### EXERCISE:
Give back the whole listing word for word and skip each picture.

### DATA SECTION:

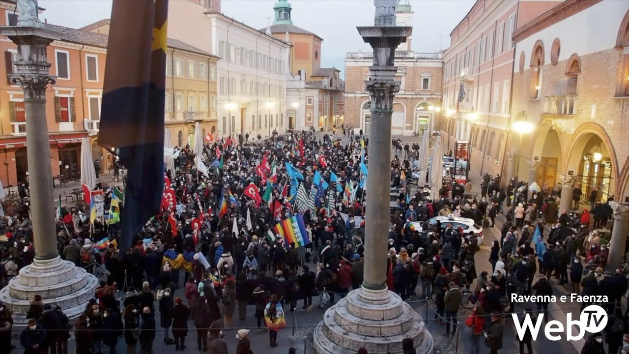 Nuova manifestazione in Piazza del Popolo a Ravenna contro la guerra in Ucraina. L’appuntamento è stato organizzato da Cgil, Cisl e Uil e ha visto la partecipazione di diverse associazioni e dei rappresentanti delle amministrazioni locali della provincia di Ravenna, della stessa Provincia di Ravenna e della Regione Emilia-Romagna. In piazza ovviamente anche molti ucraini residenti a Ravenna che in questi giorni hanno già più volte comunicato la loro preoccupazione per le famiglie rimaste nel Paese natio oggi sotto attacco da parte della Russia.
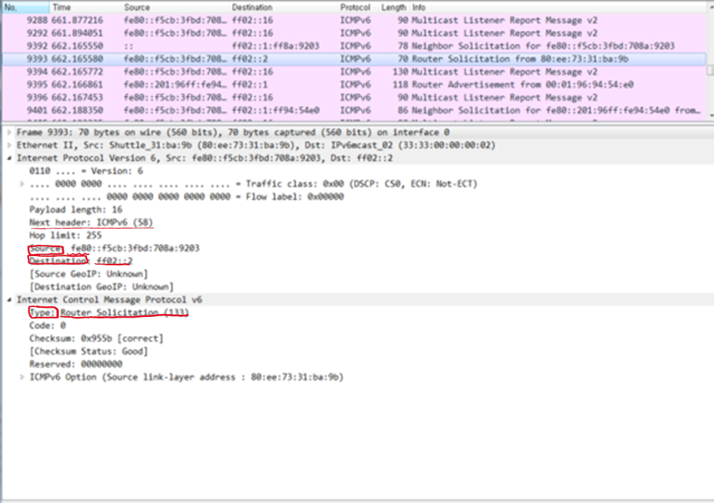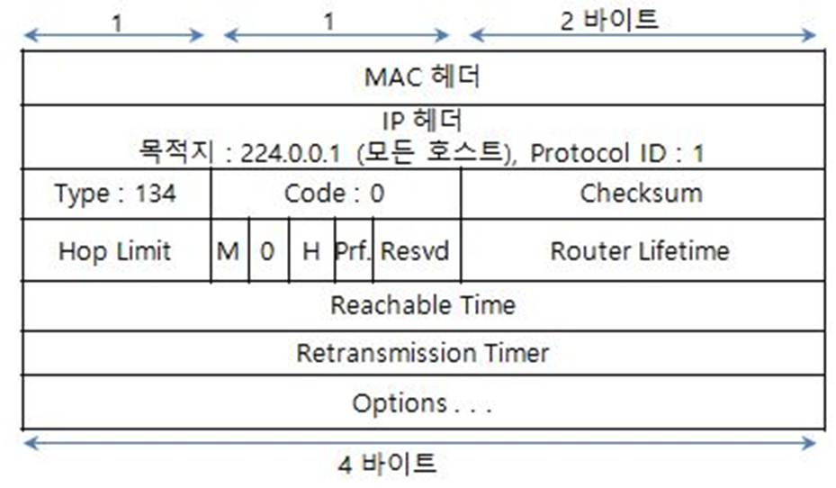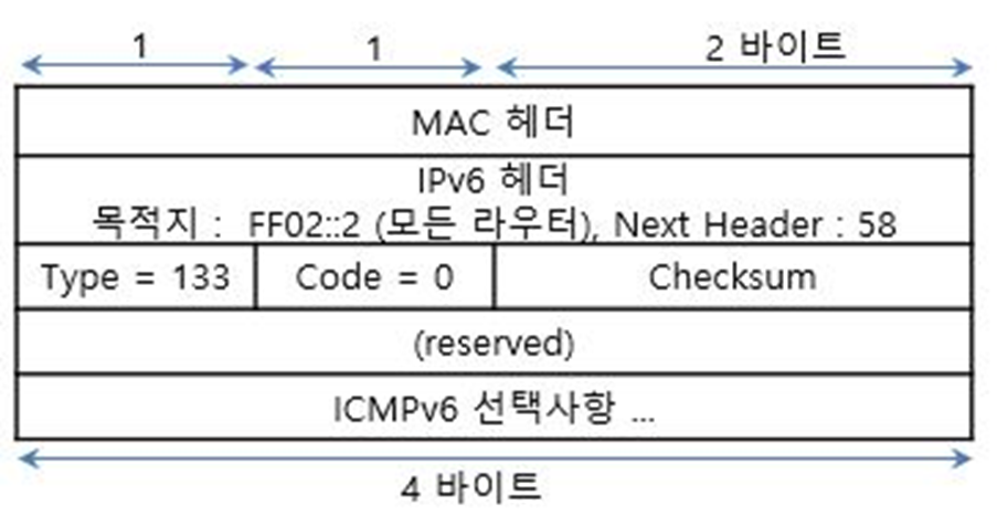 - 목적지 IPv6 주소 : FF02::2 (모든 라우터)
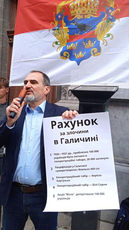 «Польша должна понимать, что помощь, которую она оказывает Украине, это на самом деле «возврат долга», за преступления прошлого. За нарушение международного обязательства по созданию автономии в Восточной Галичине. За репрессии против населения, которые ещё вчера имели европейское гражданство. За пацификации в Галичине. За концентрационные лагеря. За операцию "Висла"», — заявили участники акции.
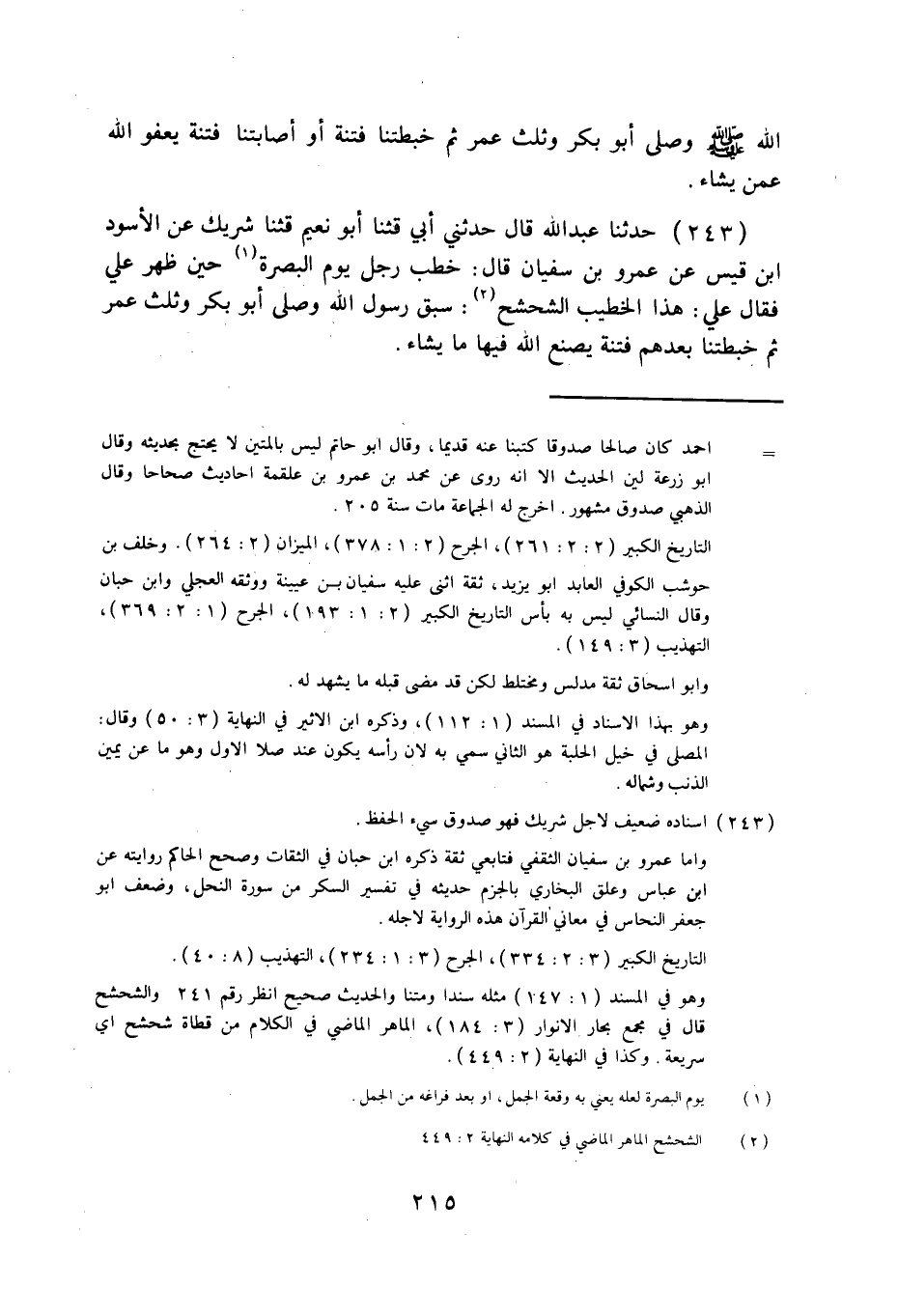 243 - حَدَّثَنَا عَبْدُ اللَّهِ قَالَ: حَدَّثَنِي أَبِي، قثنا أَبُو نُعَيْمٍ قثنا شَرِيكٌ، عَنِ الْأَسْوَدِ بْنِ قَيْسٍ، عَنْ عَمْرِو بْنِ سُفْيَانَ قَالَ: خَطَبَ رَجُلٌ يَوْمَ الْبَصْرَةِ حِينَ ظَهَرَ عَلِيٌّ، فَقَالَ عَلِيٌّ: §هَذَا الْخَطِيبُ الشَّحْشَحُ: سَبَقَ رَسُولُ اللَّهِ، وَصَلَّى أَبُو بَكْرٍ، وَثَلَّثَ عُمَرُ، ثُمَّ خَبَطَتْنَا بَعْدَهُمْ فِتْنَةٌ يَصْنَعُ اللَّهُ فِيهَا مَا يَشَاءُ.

### ANSWER AREA:
 Nuova manifestazione in Piazza del Popolo a Ravenna contro la guerra in Ucraina. L’appuntamento è stato organizzato da Cgil, Cisl e Uil e ha visto la partecipazione di diverse associazioni e dei rappresentanti delle amministrazioni locali della provincia di Ravenna, della stessa Provincia di Ravenna e della Regione Emilia-Romagna. In piazza ovviamente anche molti ucraini residenti a Ravenna che in questi giorni hanno già più volte comunicato la loro preoccupazione per le famiglie rimaste nel Paese natio oggi sotto attacco da parte della Russia.
 - 목적지 IPv6 주소 : FF02::2 (모든 라우터)
 «Польша должна понимать, что помощь, которую она оказывает Украине, это на самом деле «возврат долга», за преступления прошлого. За нарушение международного обязательства по созданию автономии в Восточной Галичине. За репрессии против населения, которые ещё вчера имели европейское гражданство. За пацификации в Галичине. За концентрационные лагеря. За операцию "Висла"», — заявили участники акции.
 243 - حَدَّثَنَا عَبْدُ اللَّهِ قَالَ: حَدَّثَنِي أَبِي، قثنا أَبُو نُعَيْمٍ قثنا شَرِيكٌ، عَنِ الْأَسْوَدِ بْنِ قَيْسٍ، عَنْ عَمْرِو بْنِ سُفْيَانَ قَالَ: خَطَبَ رَجُلٌ يَوْمَ الْبَصْرَةِ حِينَ ظَهَرَ عَلِيٌّ، فَقَالَ عَلِيٌّ: §هَذَا الْخَطِيبُ الشَّحْشَحُ: سَبَقَ رَسُولُ اللَّهِ، وَصَلَّى أَبُو بَكْرٍ، وَثَلَّثَ عُمَرُ، ثُمَّ خَبَطَتْنَا بَعْدَهُمْ فِتْنَةٌ يَصْنَعُ اللَّهُ فِيهَا مَا يَشَاءُ.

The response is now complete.